I am stacking images with Siril (both 1.2.0 and 1.2.1) for photometry but the output never reflects the full range of the input subframes. This voids the EGAIN setting in the FITS header which is often needed for calculating S/N. (Although the stacked image still includes the now incorrect EGAIN from the subframes.) This happens regardless of what stacking method or input normalization I use (I generally use average stacking with rejection, normalization additive with scaling, Winsorized Sigma Clipping, no image weighting and output normalization button unchecked.) The state of the output normalization button is correctly noted (well, it actually says ‘nomalized’ or ‘unnomalized’) in the FITS header by Siril even though it makes no difference to the total range of values in the image. (However, the output normalization button does something like equalizing the histogram - darkest pixels are still zero, brightest are still 1 but mid-range pixels are greatly brightened. Like pulling the grey slider way up in Photoshop.
Am I missing something?
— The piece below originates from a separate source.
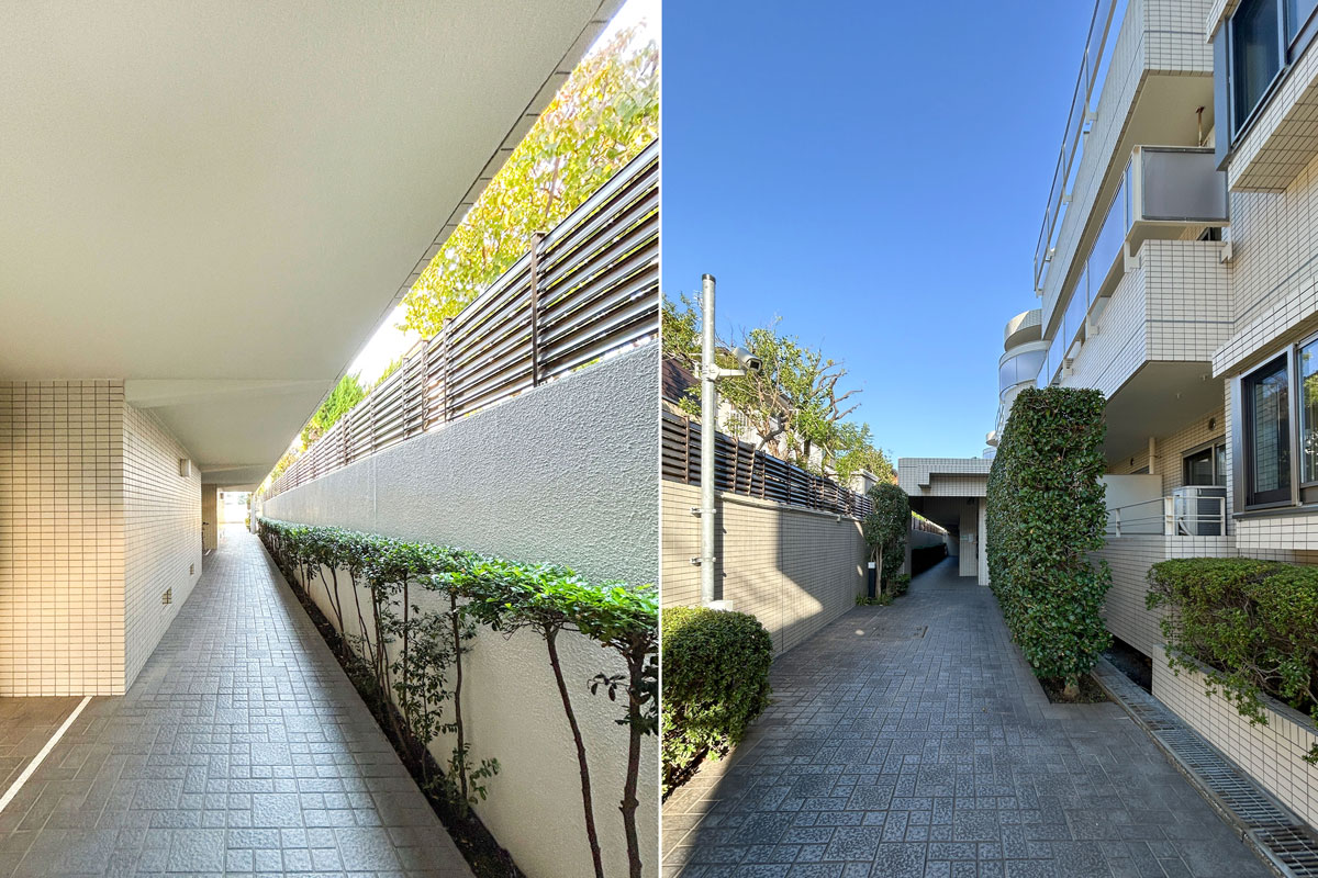 1984年築ながら、年月を感じさせない風格があり、植栽は丁寧に手入れされ、共用部分も清潔に保たれています。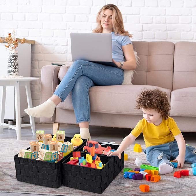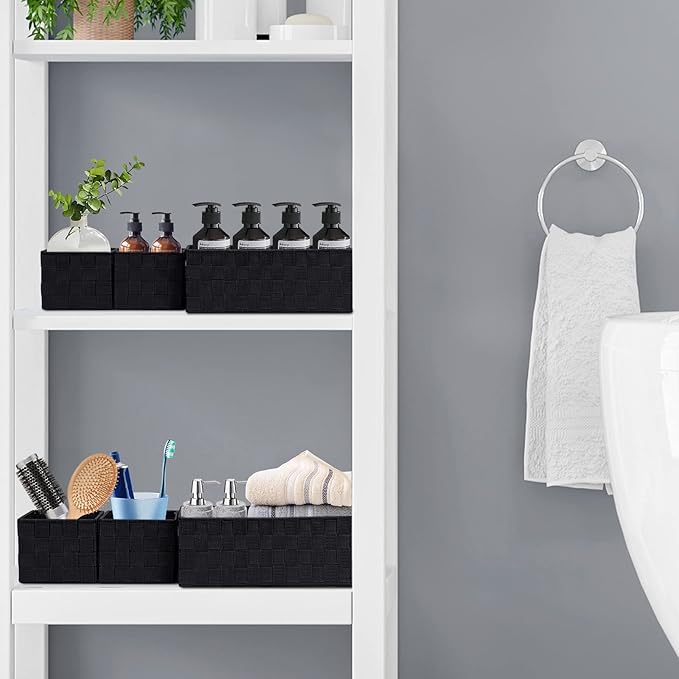 Posprica Woven Storage Baskets for Organizing 6 Pack, Large&Small Storage Cube Bins Set for Bathroom, Storage Boxes Container for Drawer, Closet, Shelf, Dresser, Black

I seem to remember once seeing something in the docs about some detail in the image processing which enforces output normalization but I can’t find the reference any more.
Images are from a QHY183 mono camera, gain=0, offset=5, unbinned, acquired using NINA. This is a 12-bit camera with ADUs scaled up by 16x to give a 0…65536 range.
Otherwise I love the program for my occasional pretty pictures.
Richard

Welcome on the forum,
I’m not sure what you are trying to do, photometry is usually done on unit images, not stacked.
Anyway, when reading an image with the EGAIN keyword, Siril will store it in next images as CVF, it’s not lost.
For stacking output normalization, documentation states:

If Output Normalisation is checked, the final image will be normalized in the [0, 1] range if you work in 32-bit format precision, or in [0, 65535] otherwise.

I sometimes shoot extremely faint targets and cannot do quality (or any sometimes) photometry on a single image. Or I am shooting targets which are very bright so I have to stack multiple very short exposures to reduce scintillation noise. All my reduced images are in 32-bit mode so there is no option there either.
I saw the EGAIN is retained as CVF. Except that once the image is normalized that value is no longer applicable.
Either way - turning on or off the output renormalization button does not prevent the renormalization.